COULD these lines etched into 60,000-year-old ostrich eggshells (see photo) be the earliest signs of humans using graphic art to communicate?
Until recently, the first consistent evidence of symbolic communication came from the geometric shapes that appear alongside rock art all over the world, which date to 40,000 years ago (New Scientist, 20 February, p 30). Older finds, like the 75,000-year-old engraved ochre chunks from the Blombos cave in South Africa, have mostly been one-offs and difficult to tell apart from meaningless doodles.
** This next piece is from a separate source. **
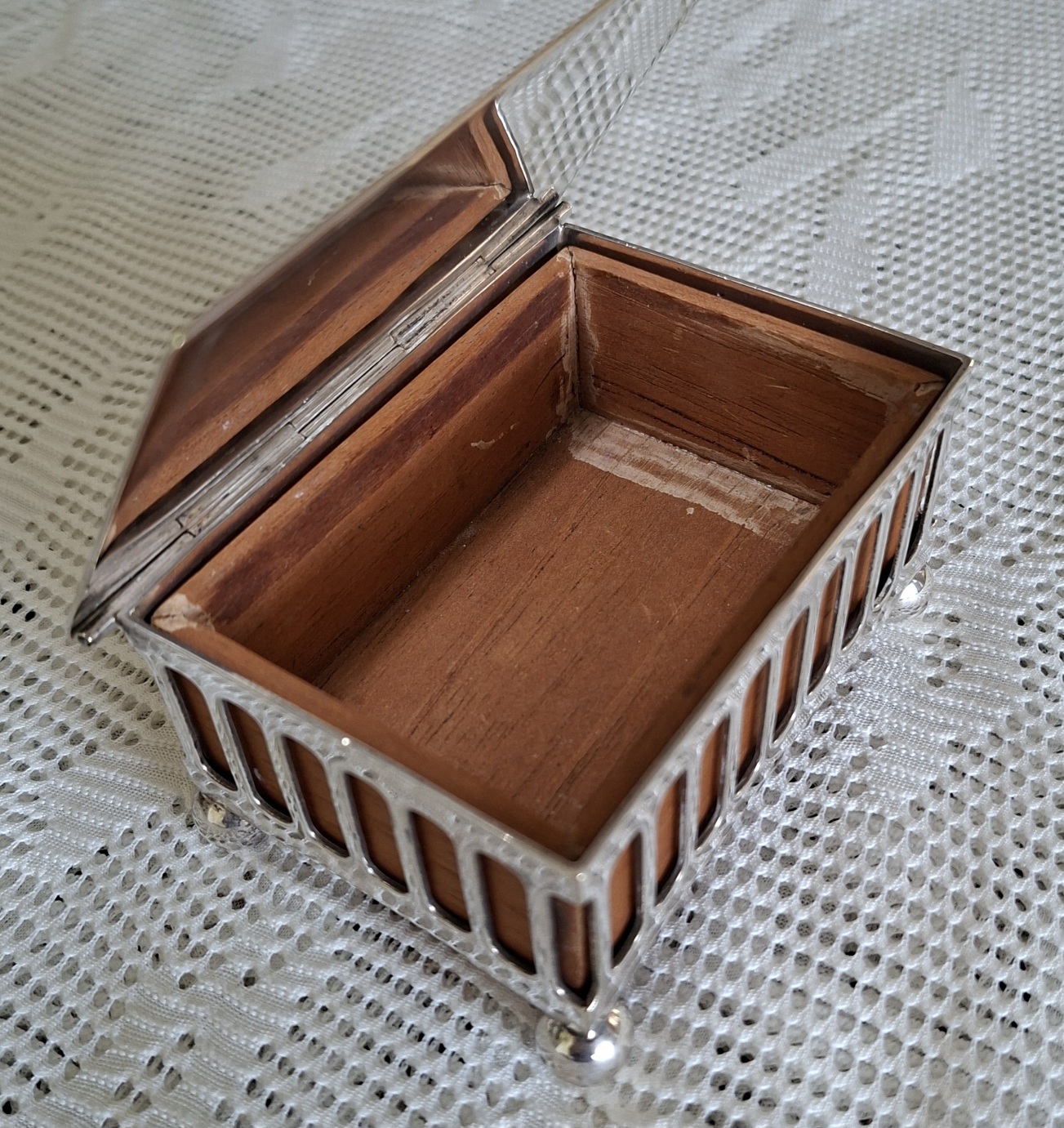 Be the first to review “Table Cigarette Box – EPNS silver plate wooden lining.” Cancel reply
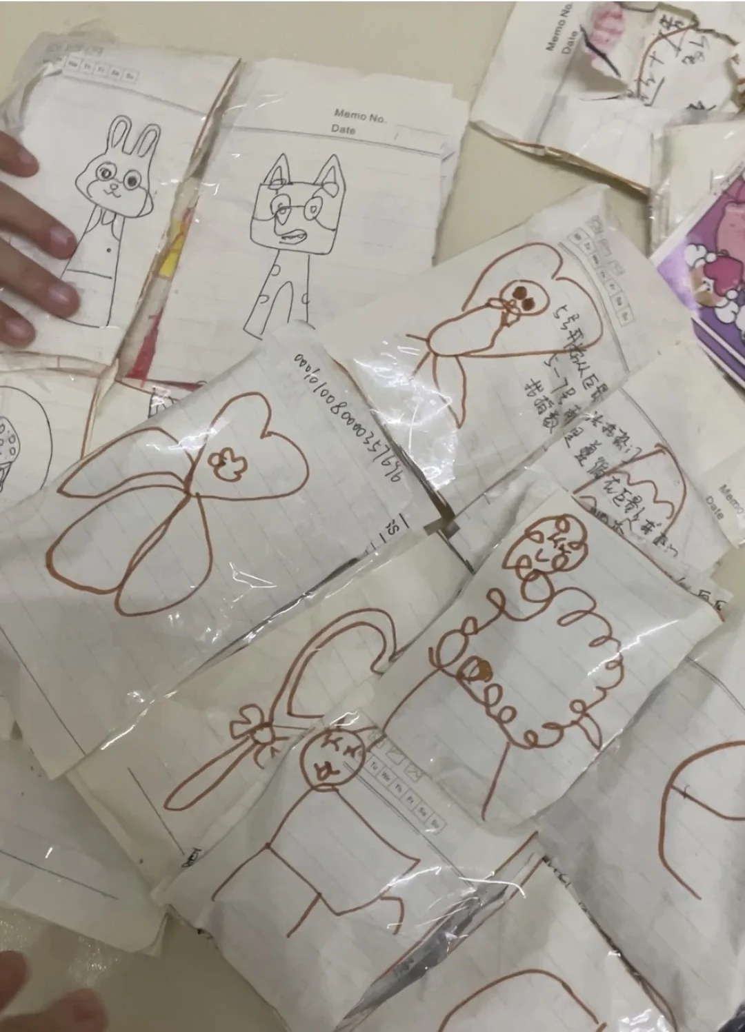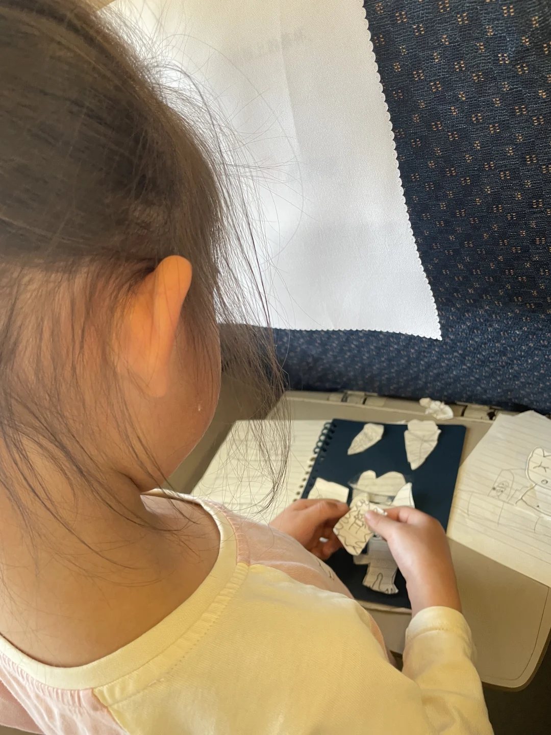 餐桌上铺满白纸,坐高铁时时折折贴贴,地铁上歇脚时安静地剪剪,睡觉床上摆弄自己做的盲袋,甚至在走路水时也要把贴纸书拿出来构思……

The engraved ostrich eggshells may change that. Since 1999, Pierre-Jean Texier of the University of Bordeaux, France, and his colleagues have uncovered 270 fragments of shell at the Diepkloof Rock Shelter in the Western Cape, South Africa.
They show the same symbols are used over and over again, and the team say there are signs that the symbols evolved over 5000 years. This long-term repetition is a hallmark of symbolic communication and a sign of modern human thinking, say the team (Proceedings of the National Academy of Sciences, DOI: 10.1073/pnas.0913047107).
The eggshells were probably used as containers, and the markings may have indicated either the shells' contents or their owner. Texier points out that until recently, bushmen in the region carved geometric motifs on ostrich eggshells as a mark of ownership.
If the symbols do signify ownership, it could have implications for the evolution of human cognition. Iain Davidson, an Australian rock art specialist at the University of New England in Armidale, New South Wales, has suggested that marking ownership must have come after humans became self-aware. The eggshells could help to illuminate when this happened in this part of the world, he says.
Written language may have evolved more than once in human history. "Judging from what we know about the evolution of art all over the world, there may have been many traditions that were born, lasted for some time and then vanished," says Jean Clottes, former director of research at the Chauvet caves in southern France. "This may be one of them, most probably not the first and certainly not the last."